Related fault codes (DTCs)

ModuleDTCDescription
01-Engine17978 (P1570)Engine Start Blocked by Immobilizer
25-Immobilizer01176Key Signal too low

Car Mechanics Magazine May 2005 History of the fault
Over the last three months or so my car would occasionally cut out as described above. Generally it would start properly after repeated attempts, and then stay on until I switched it off at my destination. However, last Friday things got worse and the car would not stay on at all and in the end had to be road lifted back home.

I remembered reading something about this in a backissue of Car Mechanics Magazine and the problem seemed straightforward enough to put right.

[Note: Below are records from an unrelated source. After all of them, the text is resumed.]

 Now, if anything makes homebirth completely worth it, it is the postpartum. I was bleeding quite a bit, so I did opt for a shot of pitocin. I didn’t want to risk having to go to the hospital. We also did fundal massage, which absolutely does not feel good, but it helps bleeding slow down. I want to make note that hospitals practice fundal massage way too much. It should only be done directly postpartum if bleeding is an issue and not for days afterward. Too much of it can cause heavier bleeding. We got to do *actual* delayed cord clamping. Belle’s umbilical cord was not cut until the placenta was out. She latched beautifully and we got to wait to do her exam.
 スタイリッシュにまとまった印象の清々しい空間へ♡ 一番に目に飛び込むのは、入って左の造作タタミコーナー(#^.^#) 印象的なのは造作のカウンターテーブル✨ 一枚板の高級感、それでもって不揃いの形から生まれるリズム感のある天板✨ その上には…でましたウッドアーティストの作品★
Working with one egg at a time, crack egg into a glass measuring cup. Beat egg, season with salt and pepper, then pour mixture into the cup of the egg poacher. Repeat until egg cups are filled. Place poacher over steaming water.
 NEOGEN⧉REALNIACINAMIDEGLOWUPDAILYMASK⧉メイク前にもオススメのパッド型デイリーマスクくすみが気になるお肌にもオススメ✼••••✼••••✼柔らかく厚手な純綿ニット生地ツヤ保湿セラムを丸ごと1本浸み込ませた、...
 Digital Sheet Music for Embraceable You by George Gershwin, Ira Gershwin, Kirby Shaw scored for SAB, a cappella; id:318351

In the magazine's article about servicing an Audi A8 they mention the following:

"if an A8 (A4 or A6, for that matter) starts then stalls almost instantly, then it's probably due to a fault in the connection between the coil reader in the ignition barrel and the immobilizer control unit"

Source: Car Mechanics Magazine May 2005

This magazine gave the repair work involved three out of four thumbs down, but I think that's a bit harsh. If you're careful you should be able to do it yourself.

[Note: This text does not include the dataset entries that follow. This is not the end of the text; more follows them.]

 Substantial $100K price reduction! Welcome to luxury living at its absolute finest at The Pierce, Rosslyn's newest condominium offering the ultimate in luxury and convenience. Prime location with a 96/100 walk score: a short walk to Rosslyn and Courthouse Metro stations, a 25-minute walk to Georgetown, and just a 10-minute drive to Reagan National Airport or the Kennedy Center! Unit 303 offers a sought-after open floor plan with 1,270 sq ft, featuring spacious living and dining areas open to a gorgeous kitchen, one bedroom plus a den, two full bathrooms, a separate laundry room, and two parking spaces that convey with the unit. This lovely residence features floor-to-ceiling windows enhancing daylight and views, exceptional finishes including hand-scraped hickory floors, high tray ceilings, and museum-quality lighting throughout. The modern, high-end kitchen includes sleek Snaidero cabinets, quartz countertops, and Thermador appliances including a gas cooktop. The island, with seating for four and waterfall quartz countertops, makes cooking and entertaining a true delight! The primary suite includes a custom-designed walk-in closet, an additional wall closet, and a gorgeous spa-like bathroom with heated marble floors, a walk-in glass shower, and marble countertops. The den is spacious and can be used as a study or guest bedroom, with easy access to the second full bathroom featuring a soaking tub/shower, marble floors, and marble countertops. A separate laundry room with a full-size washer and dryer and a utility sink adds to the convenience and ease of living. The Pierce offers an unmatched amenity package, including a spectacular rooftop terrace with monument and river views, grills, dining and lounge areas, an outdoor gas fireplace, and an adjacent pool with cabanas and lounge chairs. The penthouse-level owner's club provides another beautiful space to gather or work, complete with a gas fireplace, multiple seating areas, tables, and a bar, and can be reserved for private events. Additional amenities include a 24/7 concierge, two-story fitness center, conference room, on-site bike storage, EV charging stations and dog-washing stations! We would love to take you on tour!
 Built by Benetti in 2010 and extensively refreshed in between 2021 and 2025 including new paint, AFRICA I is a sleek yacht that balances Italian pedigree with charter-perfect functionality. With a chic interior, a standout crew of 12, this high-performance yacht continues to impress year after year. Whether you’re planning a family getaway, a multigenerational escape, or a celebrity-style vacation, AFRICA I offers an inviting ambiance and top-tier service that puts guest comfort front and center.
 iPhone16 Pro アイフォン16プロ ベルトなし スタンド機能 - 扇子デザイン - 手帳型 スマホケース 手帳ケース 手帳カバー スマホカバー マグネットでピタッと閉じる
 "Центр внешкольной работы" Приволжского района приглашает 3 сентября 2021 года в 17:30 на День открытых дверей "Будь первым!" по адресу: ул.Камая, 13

Naturally, an unmatched key would also cause the immobilizer to cut out the engine, but I knew that couldn't be the cause of the problem as it is my own car...
Parts required
Only the wire needs replacing. It costs just over 15 pounds from a main Audi dealer.

Immobilizer wire part number 8D0 972 275.
Tools required
Replacement of the wire is an easy task even if it can be a bit fiddly. Tools required are:
  • 24mm socket (or imperial equivalent to remove steering wheel)
  • Torx screwdrivers
  • Very small standard screwdriver
  • Small phillips head screwdriver
  • 10 mm open ended spanner
Time required
It shouldn't take more than two hours to complete.

Tightening torque

Steering wheel nut40 Nm (354 in-lb)
Airbag screw7 Nm (62 in-lb)
Note: From model year 98 onwards steering wheels with multi-point socket-head bolt, always renew the bolt and tighten to 55 Nm.

Procedure
Basically it boils down to the following steps:
  1. Straighten steering wheel with car running
  2. Get radio security code
  3. Disconnect battery ground strap
  4. Remove steering wheel airbag
  5. Remove upper steering column trim
  6. Remove steering wheel
  7. Remove lower steering column trim
  8. Remove under steering column dash trim
  9. Replace immobilizer wire
  10. Put everything back together in reverse order
  11. Clear fault codes
  12. Re-enter radio security code
  13. Test drive the car
  14. Check fault codes to make sure they haven't come back
Paul Waterloo has already detailed the steps to take the steering wheel and steering column trim off in his excellent article Ignition Switch Replacement. Follow the steps described in that article until you reach the part where the ignition switch comes off. Stop before you do that, because we don't have to.
Remove under steering column dash trim
Gently lever the lower surround out in direction of arrow.
Unscrew the bolts and remove lower storage compartment.
Replace immobilizer wire
The wire (2) connects to the coil reader with connector (1) and is routed underneath the steering column from (3) to (4), the immobilizer module.
My car is a UK spec car, so the steering wheel is on the right hand side of the car. It could well be that the immobilizer unit (4) is always between the steering column and the center console, so left hand drive cars might have the module on the right of the column.
This is the fiddly bit as you will have to pull out the two wires and put the new ones in. If you use a thin screwdriver or a sharp knife you will be able to bend the little locking metal strips back and the cable including the metal connector should slide out easily when you pull it at the top.
At moments like these you wish you had three hands.
Finishing off
Once everything is put back together, clear the errors codes using VAG-COM or similar, re-enter the radio security code, switch the airco back to degrees F (explained in Paul's article: Ignition Switch Replacement), start the car a few times of course to see if it is all working properly, and take it for a test drive. Finally check the fault codes again to see if they haven't returned.